First a bit of terminology that will help keep things clear. For the purposes of this discussion I will use the term packet to mean an audio/video unit of data. Specifically this is an ASF packet based on the ASF file specification which includes WMA and WMV. When I refer to a frame, I’m talking the individual network unit that we see in a network capture utility. The network frame is typically going to be a maximum 1500 bytes whereas the audio/video packet can be much larger.
Next a bit of history about the fragmentation and bursting that you’re seeing. Over 10 years ago when we created Windows Media Services and Windows Media Encoder we created content in a way that was the most efficient way possible from a CPU standpoint. The encoder would create packets that were most efficient for the amount of data that was being encoded. This packet size is based on the audio bitrate and sampling rate because we use that as our timing track. With audio there are significantly more samples per second. The packet sizes for lower bitrates (back in that day that could have been 10 kbps of audio) would easily fit inside of the Ethernet frame size of 1500 bytes. At larger bitrates we would simply allow the network stack break up the packet to fit within the 1500 byte frame size. The network stack did this in kernel mode which was more efficient anyway. So you would end up with one packet spread over multiple network frames.

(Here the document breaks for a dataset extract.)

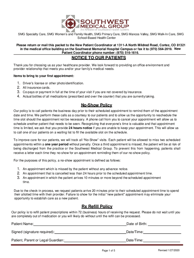 SMG Specialty Care, SMG Women's and Family Health, SMG Primary Care, SMG Marcos Valley, SMG Walking Care, SMG Schooled Health Centerpiece return or mail this packet to the New Patient Coordinator
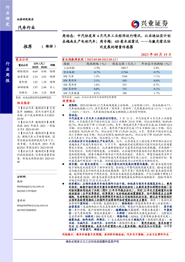 【兴业证券】【20230515】汽车行业周动态:中汽协发布4月汽车工业经济运行情况、比亚迪证实计划在越南生产电动汽车;周专题:4D毫米波雷达,与激光雷达协同发展的增量传感器-32页

Because the encoder-server connection is over HTTP and HTTP is a TCP based protocol, you get the built-in flow control with TCP. The encoder can send two frames of data to the server and then must wait for an acknowledgment from the server before the encoder sends more data. Once the server receives the TCP frames it reassembles the same original packet that was spread over multiple frames. Next the server will buffer the data in memory and send it out based on the presentation time for the packet.
For unicast UDP or multicast (UDP) streams you will typically see two problems. First, when WMS sends a large packet out through UDP, UDP will fragment the packet into packet into multiple network frames. However, since there is no flow control with UDP the entire packet and the resultant fragmented frames will be sent out on the network at the same time. Remember, with TCP the same thing essentially happens, but the Encoder can only send 2 frames before having to wait for an acknowledgement. The second issue is that WMS will buffer approximately 500 milliseconds (half of a second) worth of data. It does this for efficiency reasons since it’s more efficient to do a buffered write than lots small writes. This is actually can become a positive if you have hundreds / thousands of unicast client connections. With a multicast this means that not only are you sending out multiple fragments from a packet at the same time, but you see multiple packets (usually only 2 or 3) being sent out as a burst.

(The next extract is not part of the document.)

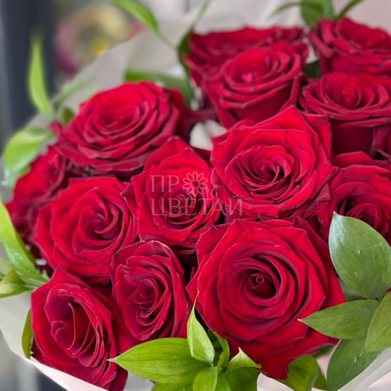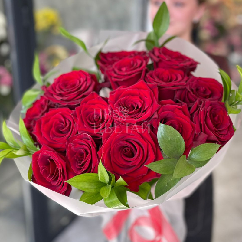 Классический букет из насыщенных красных и очень стойких роз с добавлением зелени-рускуса

For small networks this usually isn’t a problem. I say ‘usually’ because some routers just really don’t like fragmented UDP frames despite this being allowed by the RFC. But I’ve found that in large enterprise environments, in particular ones that have lots of VLANs, this becomes a problem. If you look at the bitrate coming out of WMS and average that over a full second then you will see the bitrate at which you encoded the video. However, if you look at the millisecond level you will see that there may be as many as 50 frames of video that have timestamps only a few milliseconds apart. This instantaneous measure of bitrate can easily be 20 Mbps. Of course this can vary a good bit up or down depending on various things like the original encoded bitrate. So 20 Mbps really shouldn’t be too bad, but when that must be copied to multiple VLANs on a switch in a very short amount of time the switch may drop some of the frames. You get an amplification effect at the switch. For each VLAN that the switch must copy the multicast to you must use that much more bandwidth. So with our 20 Mbps instantaneous spike copied to 8 VLANs you get a spike of 160 Mbps. Many switches won’t be able to handle this.

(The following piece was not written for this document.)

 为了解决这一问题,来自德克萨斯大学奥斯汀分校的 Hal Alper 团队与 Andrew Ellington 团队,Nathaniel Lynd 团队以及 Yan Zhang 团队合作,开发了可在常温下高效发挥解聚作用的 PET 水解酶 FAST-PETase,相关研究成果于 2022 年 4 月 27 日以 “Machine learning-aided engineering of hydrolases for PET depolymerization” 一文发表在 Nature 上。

There are actually two KB articles that discuss what to do. First, you should reduce the packet size at the encoder. If you have prerecorded content that was encoded with an unrestricted packet size then you may need to reencode. The article describes includes a table that describes the optimum maximum packet sizes:
The video occasionally is rebuffered, or frames are dropped when you try to stream a video through a multicast from Windows Media Services to Windows Media Player clients
Note that for Expression Encoder 4 the maximum packet size is set for a live stream on the Encode tab. The encode tab has a triangle pointing down just under the audio output format.
To change the bursty behavior with WMS, you need to adjust the TCPBurstLimitMS and UDPBurstLimitMS as per the following article.
Windows Media Services 9 Series network send behavior may lead to an unwanted client experience
To have the best experience you need to change both settings. The maximum packet size to prevent the packets from fragmenting into multiple frames and the burst limits to prevent the packets from being buffered written. If you are unable to change the maximum packet size, you *may* still realize some benefit by changing the burst limits.